» WHAT TO WORK ON
Output, word for word, each line from the one with "以均匀且稳定的力度向左侧拉动" through the end of the listing below, excluding every picture.

» DATA PROVIDED
----------

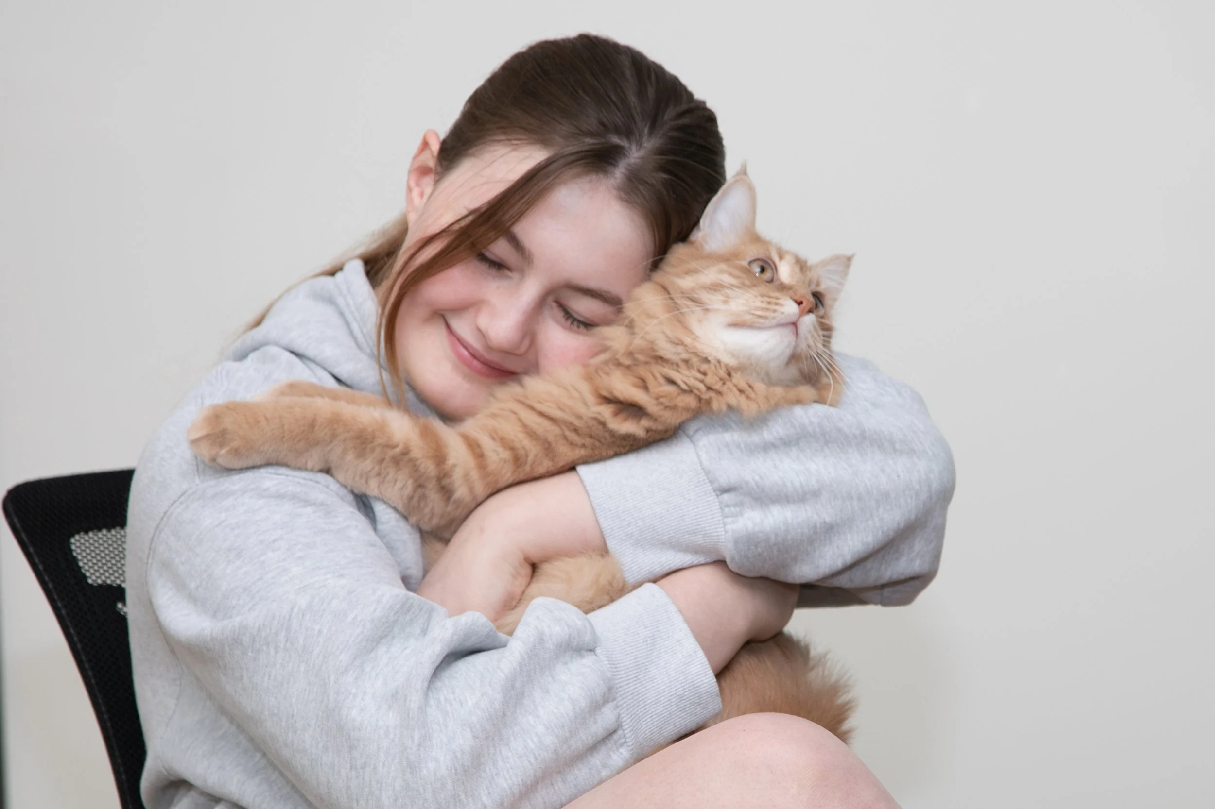 A young woman in a gray hoodie is hugging an orange tabby cat with closed eyes, showing affection and contentment.
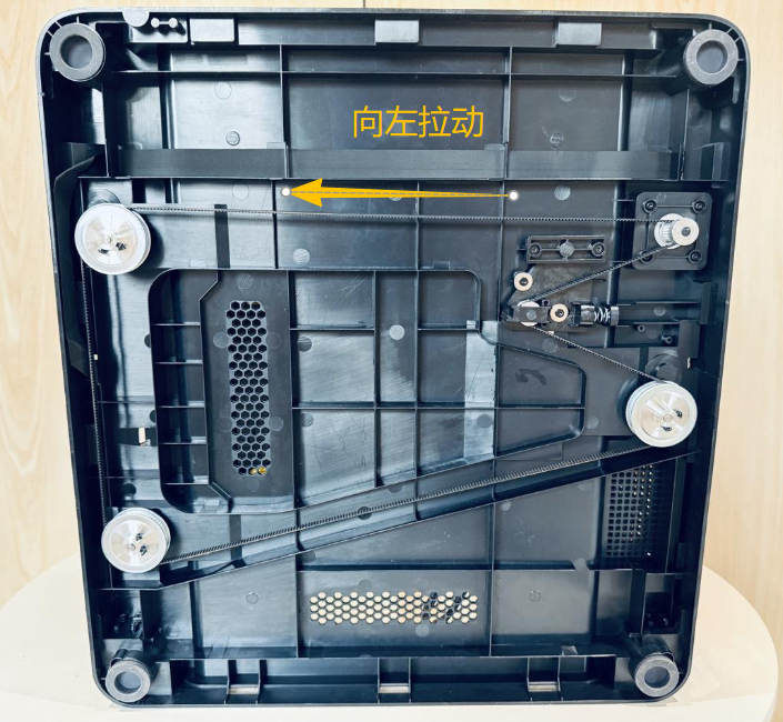 以均匀且稳定的力度向左侧拉动同步带,此时可以观察到热床在缓慢抬升。同时,用内六角扳手插入空转的螺丝,保持扭力并尝试旋出螺丝。
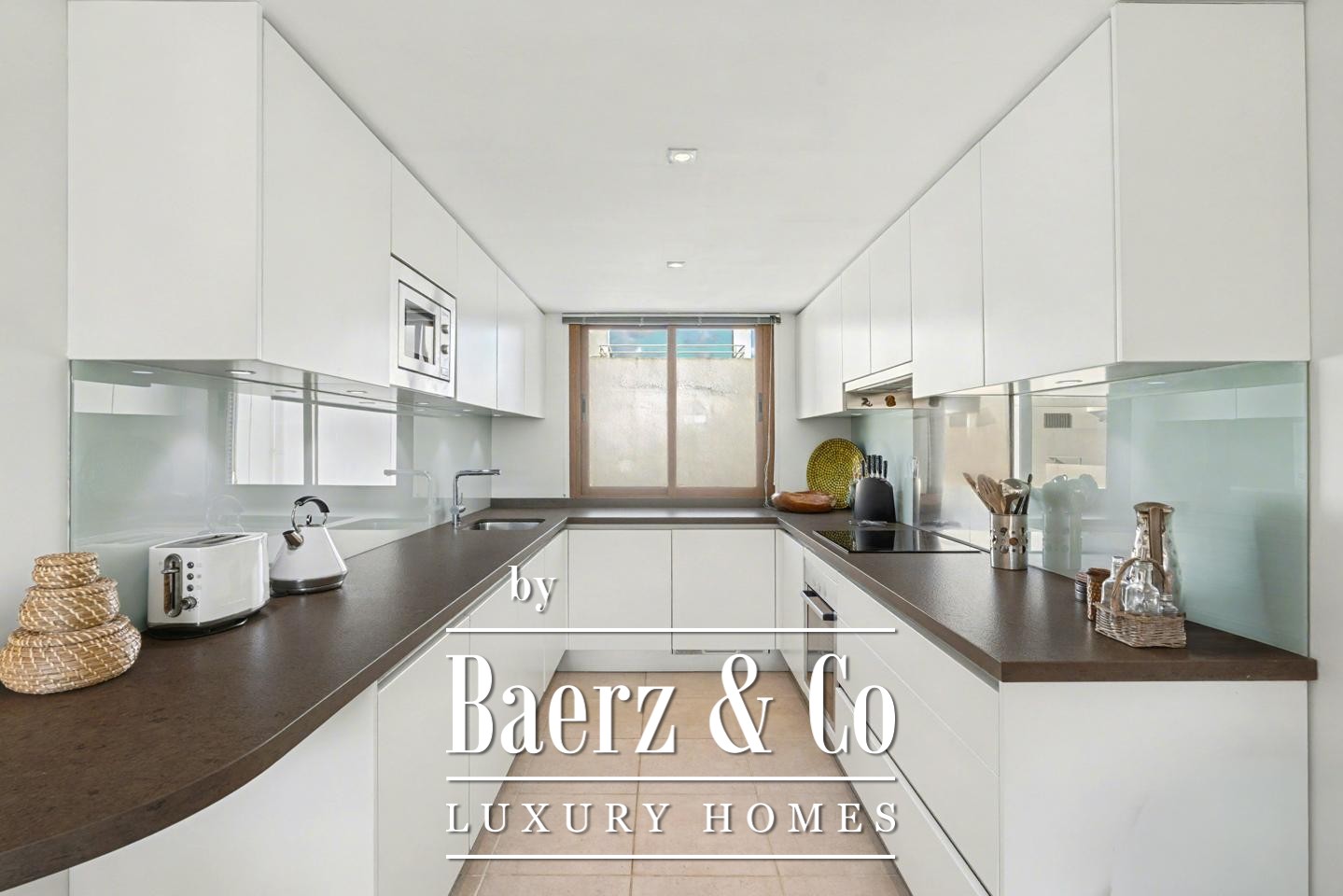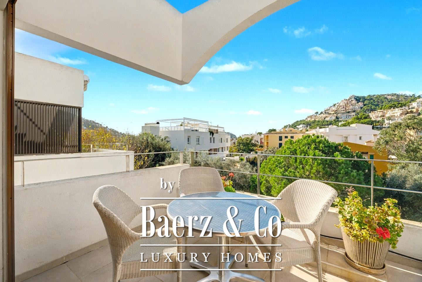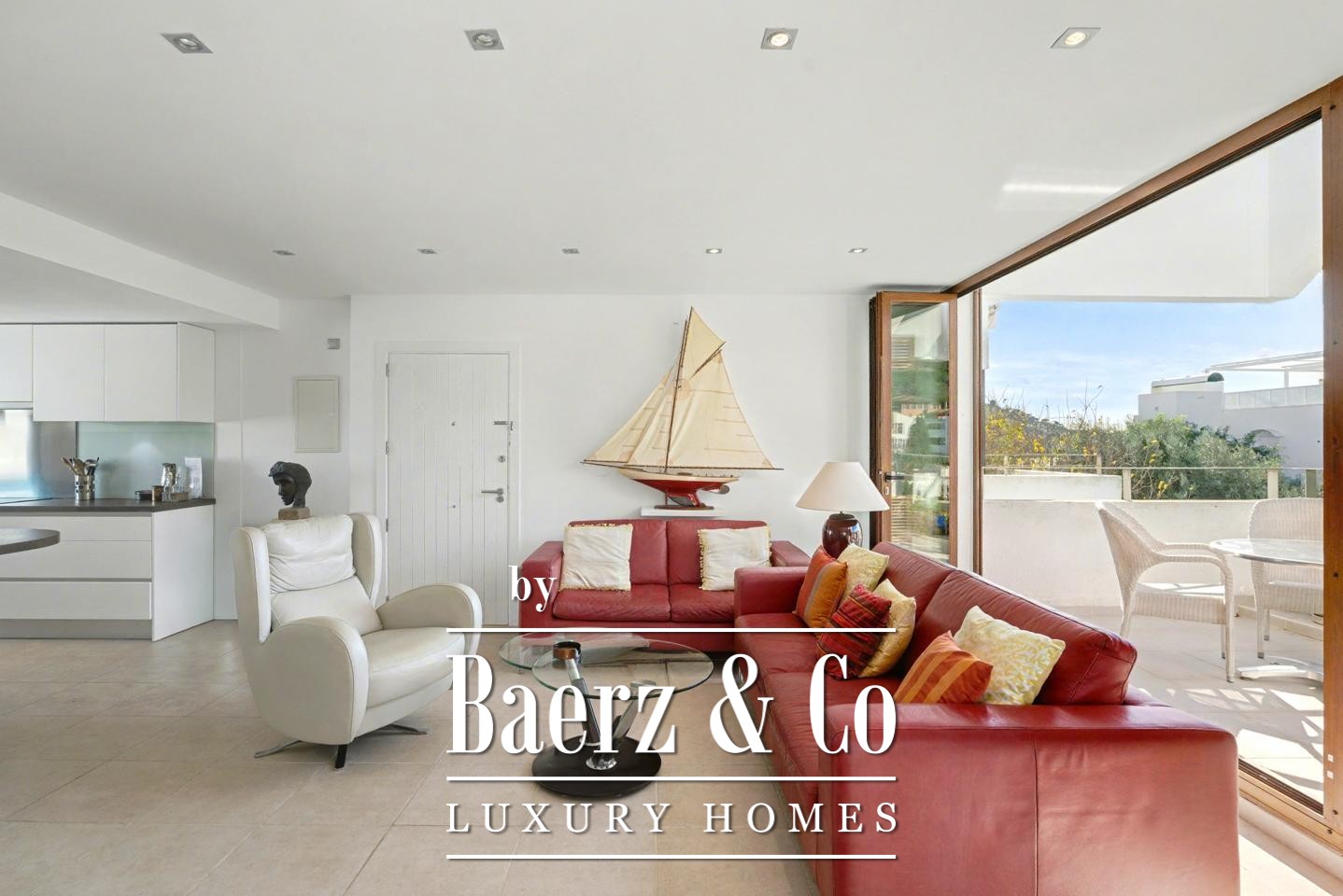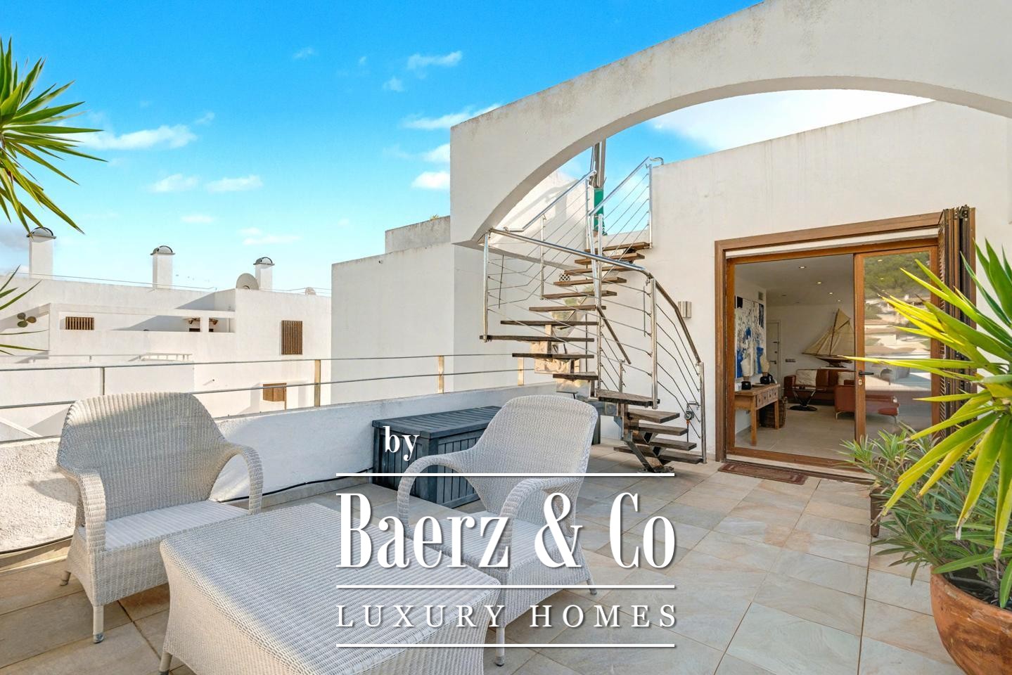 This penthouse Port d'Andratx offers a considered fusion of Mediterranean ease and contemporary clarity, set within a peaceful international enclave in southwest Mallorca. The home spans 106 m², with two double bedrooms and two bathrooms, including an en suite, all refreshed in a modern, quietly confident aesthetic. The open living area is flooded with natural light, extending seamlessly to two terraces—one intimate, the other generously scaled for open-air dining or relaxation overlooking the harbour.

----------

» SOLUTION BELOW
 以均匀且稳定的力度向左侧拉动同步带,此时可以观察到热床在缓慢抬升。同时,用内六角扳手插入空转的螺丝,保持扭力并尝试旋出螺丝。
 This penthouse Port d'Andratx offers a considered fusion of Mediterranean ease and contemporary clarity, set within a peaceful international enclave in southwest Mallorca. The home spans 106 m², with two double bedrooms and two bathrooms, including an en suite, all refreshed in a modern, quietly confident aesthetic. The open living area is flooded with natural light, extending seamlessly to two terraces—one intimate, the other generously scaled for open-air dining or relaxation overlooking the harbour.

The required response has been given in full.